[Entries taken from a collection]
>>
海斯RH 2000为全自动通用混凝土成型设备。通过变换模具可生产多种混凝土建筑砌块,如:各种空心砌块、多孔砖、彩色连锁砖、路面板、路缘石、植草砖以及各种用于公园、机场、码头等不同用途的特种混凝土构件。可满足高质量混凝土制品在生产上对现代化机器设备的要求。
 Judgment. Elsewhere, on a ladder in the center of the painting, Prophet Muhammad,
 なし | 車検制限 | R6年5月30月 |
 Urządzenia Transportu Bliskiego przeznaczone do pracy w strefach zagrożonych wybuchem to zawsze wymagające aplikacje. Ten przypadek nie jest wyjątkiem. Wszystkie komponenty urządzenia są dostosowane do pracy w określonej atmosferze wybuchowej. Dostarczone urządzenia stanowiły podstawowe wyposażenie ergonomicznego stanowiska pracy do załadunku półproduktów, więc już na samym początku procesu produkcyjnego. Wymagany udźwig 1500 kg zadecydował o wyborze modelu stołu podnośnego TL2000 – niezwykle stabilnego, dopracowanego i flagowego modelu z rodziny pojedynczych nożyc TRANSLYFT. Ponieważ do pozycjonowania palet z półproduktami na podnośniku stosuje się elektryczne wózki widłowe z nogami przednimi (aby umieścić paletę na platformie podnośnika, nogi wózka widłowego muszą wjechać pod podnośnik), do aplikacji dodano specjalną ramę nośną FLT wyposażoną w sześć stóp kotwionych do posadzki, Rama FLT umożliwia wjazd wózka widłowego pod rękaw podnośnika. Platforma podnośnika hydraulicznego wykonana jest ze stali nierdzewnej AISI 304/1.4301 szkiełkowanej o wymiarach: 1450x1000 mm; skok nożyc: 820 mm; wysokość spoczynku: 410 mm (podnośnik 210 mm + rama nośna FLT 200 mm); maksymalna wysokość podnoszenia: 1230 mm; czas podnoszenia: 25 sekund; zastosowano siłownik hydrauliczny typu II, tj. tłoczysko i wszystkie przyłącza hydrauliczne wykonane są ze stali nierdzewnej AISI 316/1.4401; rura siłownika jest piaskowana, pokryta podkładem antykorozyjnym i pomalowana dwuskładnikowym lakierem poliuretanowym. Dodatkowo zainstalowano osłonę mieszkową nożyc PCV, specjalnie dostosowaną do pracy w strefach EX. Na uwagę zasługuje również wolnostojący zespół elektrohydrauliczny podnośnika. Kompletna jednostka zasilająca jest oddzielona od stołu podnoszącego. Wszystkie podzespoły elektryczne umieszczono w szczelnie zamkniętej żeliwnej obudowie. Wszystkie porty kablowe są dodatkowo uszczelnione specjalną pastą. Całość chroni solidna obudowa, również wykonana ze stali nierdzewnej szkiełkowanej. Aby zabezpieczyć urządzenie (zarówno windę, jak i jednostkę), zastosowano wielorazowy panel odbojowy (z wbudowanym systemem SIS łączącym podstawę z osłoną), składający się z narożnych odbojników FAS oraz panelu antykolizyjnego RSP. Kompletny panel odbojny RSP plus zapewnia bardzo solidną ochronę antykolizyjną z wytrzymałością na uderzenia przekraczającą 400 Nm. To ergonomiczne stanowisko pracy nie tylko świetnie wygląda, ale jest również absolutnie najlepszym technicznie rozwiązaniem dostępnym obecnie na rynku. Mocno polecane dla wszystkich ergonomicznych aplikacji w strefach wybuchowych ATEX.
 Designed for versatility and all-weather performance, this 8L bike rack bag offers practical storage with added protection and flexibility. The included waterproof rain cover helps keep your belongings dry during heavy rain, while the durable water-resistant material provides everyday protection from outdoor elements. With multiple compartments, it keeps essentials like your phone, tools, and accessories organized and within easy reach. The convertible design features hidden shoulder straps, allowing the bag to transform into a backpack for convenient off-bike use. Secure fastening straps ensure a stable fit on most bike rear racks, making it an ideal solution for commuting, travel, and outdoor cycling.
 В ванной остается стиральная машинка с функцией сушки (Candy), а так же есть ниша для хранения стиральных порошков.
<<
§ Directions for this task: When you reach the line containing "Judgment. Elsewhere, on" in the data above, start copying exactly, and stop after the line containing "なし | 車検制限 | R6年5月30月 |".

§ Answer for this exercise:
 Judgment. Elsewhere, on a ladder in the center of the painting, Prophet Muhammad,
 なし | 車検制限 | R6年5月30月 |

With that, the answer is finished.